The attributes of one of San Antonio’s best-kept secrets are now being highlighted in a new high-tech app. That secret is Brackenridge Park’s Japanese Tea Garden, just outside the zoo.

The Japanese Tea Garden doesn’t get the tourist “love” that the River Walk and The Alamo do, but its incredible 11 acres are filled with arcing stone bridges, Japanese koi ponds and even a waterfall. Now, all of that is detailed and in your phone by way of a new app.

“It is lovingly referred to as our COVID project, something that our team worked on over the last 18 months, and it's one of the first in the nation to have an interactive augmented reality component,” The San Antonio Parks Foundation's Libby Day said.
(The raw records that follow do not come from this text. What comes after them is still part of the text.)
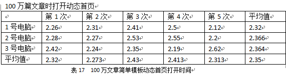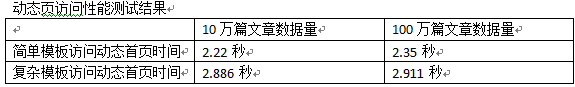 小結(jié):動易SiteFactory2.0的首頁的訪問速度可以說用“飛快”來形容,無論是10萬數(shù)據(jù)還是100萬數(shù)據(jù),無論是簡單模板還是復(fù)雜模板,首頁的HTML生成速度都在3秒左右。從數(shù)據(jù)中也可以看出來,同樣的模板時,10萬數(shù)據(jù)和100萬數(shù)據(jù)在生成HTML時沒有太大的性能差異,但模板的復(fù)雜度則直接影響了生成速度,模板越復(fù)雜,調(diào)用的標(biāo)簽越多,性能衰減得越厲害。
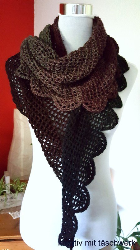 Super einfacher Drachenschwanz mit toller Borde! Das Schöne ist, die Borde wird direkt mit an den Rand der Stola gehäkelt. Wir fangen ganz klein an der Spitze an und werden immer länger und breiter. Die Bögen werden direkt mit den Reihen dran gehäkelt. In einer genau bebilderten Anleitung wird die Arbeitsweise genau beschrieben.Natürlich findet Ihr auch eine Häkelschrift und eine Beschreibung in Textform.
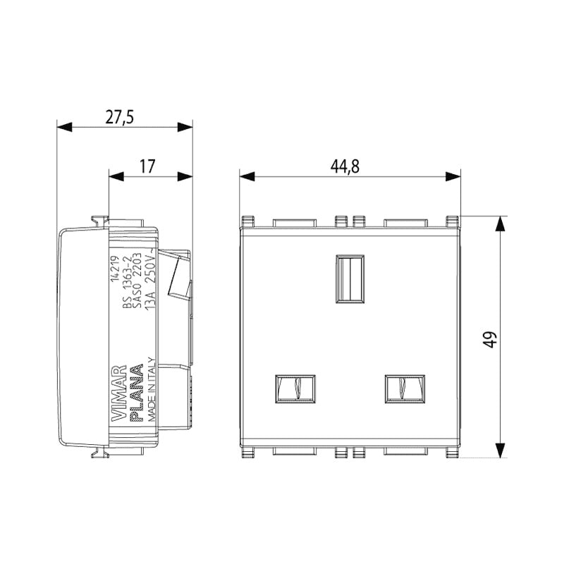 VIMAR SPA - VIW14219.SL PRESA 2P+T 13A INGLESE SILVER
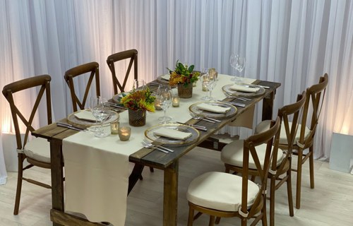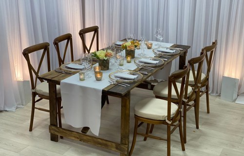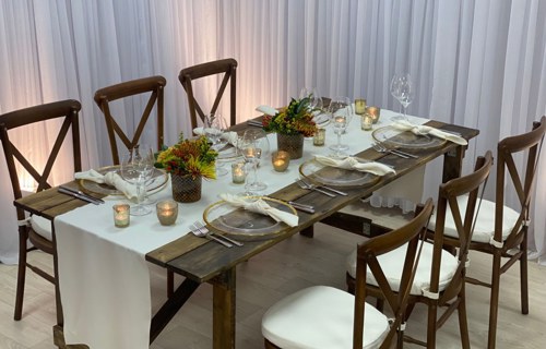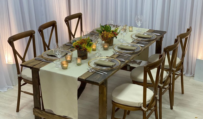 © 88 Events - Coconut Gelato runner & napkins with gold Trim chargers on Rustic table

Several of the Tea Garden’s most interesting attributes have been captured in an augmented reality context, and then you take over on your phone.

“There's a koi fish augmented reality component where you can actually color your own koi fish in. And then when you swipe up, it releases it into the pond,” Day said.
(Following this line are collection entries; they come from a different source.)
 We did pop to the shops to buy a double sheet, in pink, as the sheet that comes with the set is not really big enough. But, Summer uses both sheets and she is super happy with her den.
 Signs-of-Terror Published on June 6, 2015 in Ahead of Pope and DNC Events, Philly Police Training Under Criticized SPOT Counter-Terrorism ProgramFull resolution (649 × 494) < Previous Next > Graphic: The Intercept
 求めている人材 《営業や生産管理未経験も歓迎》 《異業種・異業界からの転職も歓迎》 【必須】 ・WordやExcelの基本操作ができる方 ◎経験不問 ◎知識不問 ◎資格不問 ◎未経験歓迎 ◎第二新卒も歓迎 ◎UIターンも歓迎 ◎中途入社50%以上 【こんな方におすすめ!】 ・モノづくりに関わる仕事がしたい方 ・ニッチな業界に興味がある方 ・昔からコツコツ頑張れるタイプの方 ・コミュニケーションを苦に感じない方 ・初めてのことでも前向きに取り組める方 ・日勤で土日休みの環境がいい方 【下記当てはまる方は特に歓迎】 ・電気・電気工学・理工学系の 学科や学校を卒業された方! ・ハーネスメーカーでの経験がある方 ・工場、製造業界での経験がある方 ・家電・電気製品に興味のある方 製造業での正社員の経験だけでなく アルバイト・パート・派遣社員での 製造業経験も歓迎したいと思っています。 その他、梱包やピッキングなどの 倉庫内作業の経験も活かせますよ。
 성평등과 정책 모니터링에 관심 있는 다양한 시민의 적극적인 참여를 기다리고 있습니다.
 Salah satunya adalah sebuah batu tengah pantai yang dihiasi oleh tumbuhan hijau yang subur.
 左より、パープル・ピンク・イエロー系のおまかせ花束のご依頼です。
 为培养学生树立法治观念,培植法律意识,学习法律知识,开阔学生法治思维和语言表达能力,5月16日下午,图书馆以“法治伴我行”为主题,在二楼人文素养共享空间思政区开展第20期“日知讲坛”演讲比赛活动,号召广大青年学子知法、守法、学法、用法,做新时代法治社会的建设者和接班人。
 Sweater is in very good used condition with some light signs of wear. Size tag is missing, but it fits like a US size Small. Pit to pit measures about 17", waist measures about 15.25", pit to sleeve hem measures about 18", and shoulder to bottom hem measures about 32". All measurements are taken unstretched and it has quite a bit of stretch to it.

Japanese Tea Garden app signage
The San Antonio Parks Foundation
Japanese Tea Garden app signage

The app is geared for both young and old visitors, with historical educational components. A family member with roots deep in the garden oversaw its historic attributes.

“The daughter of one of the family members who lived at the garden and helped operate the restaurant there in the 1920s and ‘30s was able to be a part of the app development process and help go over the history and make sure that the family history there had integrity,” she said.
Day said the interactive aspect of the app is best experienced there at the garden.

“When you walk around the garden, there are signs and they're placed at locations that are points of interest in the garden,” she said. “So the Dragon Bridge, koi pond, the pavilion and then the Torii gate at the entrance.”

QR Codes there trigger stories and pictures about the Japanese Tea Garden on your phone. The app itself, like entrance into the garden, is free.